3. There is apparently little planningfor the next plague.
https://www.theguardian.com/commentisfree/2024/mar/25/us-government-pandemic-virus-vaccine
There was study, I think from Denmark, that showed that the typical masks available to the public had no effect on slowing the spread of Covid. However, even wearing ineffective masks, and people seeing people wearing masks in public, reinforced the importance of social distancing, and social distancing did reduce the spread of Covid.
That is interesting. Social distancing is important. IIRC, due to teh aerosol transmission of teh virus, it is able to penetrate the body via exposed membranes such as eyes. The masks help most in reducing the spread of the wearer's breath and less from others. rather like "herd immunity", the more masks are worn, the lower the probability of an infected person spreading teh virus, and therefore the lower the transmission probability.

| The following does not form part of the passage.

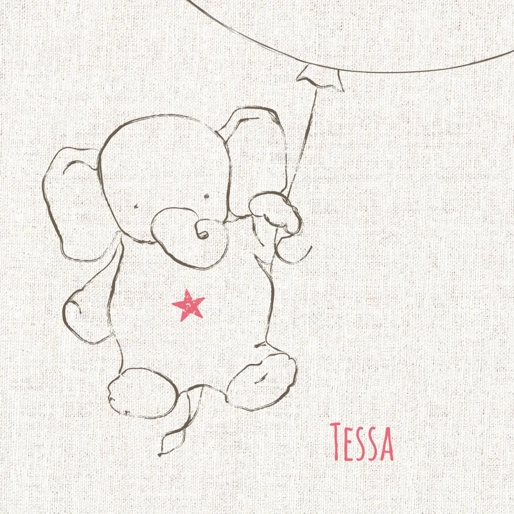 Mooie kinder-rouwkaart voor meisje, met getekend olifantje en ballon op linnen achtergrond.

Idk what mask were available in the study, but masks that properly enclose the mouth and nose (and proper wearing of them) and the us of P2.5 filters, is needed for them to be really effective. [It was so annoying to see so many people pulling the mask below the nose and even the mouth.]
Given that Covid has not disappeared, I still wear a mask in encloised spaces with so-so ventilation, like grocery stores. Fortunately I am retired, so I have very limited exposure to others in my area, as mask-wearing has almost entirely disappeared.
We really should take the Asian practice of mask-wearing as the norm if infected with an aerosol transmissable virus or bacterium, and also ensuring that one sneezes into a cloth or arm and not into the air. Too many people behave as if they were "born in a barn",.
Regarding distribution of vaccines to poorer countries. The US stymied distribution by acceding to BigPharma that production could not be given to other countries, but they would have to buy supplies from the BigPharma countries. The argument used was that the plague would be over so quickly that the setting up of facilities would not be effective. The reality was that it was to preserve IP and BigPharma profits.
IDK what the vaccines cost, but as an indication, the UK Chemist (Pharmacy) Boots, is setting a price of 100 pounds sterling per booster shot for those not covered by the NHS (i.e. non citizens?). The UK government hasn't learned any lessons either. "Partygate" pretty much destroyed future cooperation with a [Tory] government.
" A new Washington consensus is taking shape."
I hope it is not the one _I_ see:
Vain attempts to deal with climate change with third best subsidies,
Supply security as an excuse for protectionism,
Near zero concern for closing deficits
Manufacturing Trade;
If the US were a capital exporting country as we should be with our wealth, the US line on the graph would look different.
Swisher-Galloway: Partial or full WFH always made sense for may jobs (as does more telemedicine). Covid just jolted us into a better equilibrium.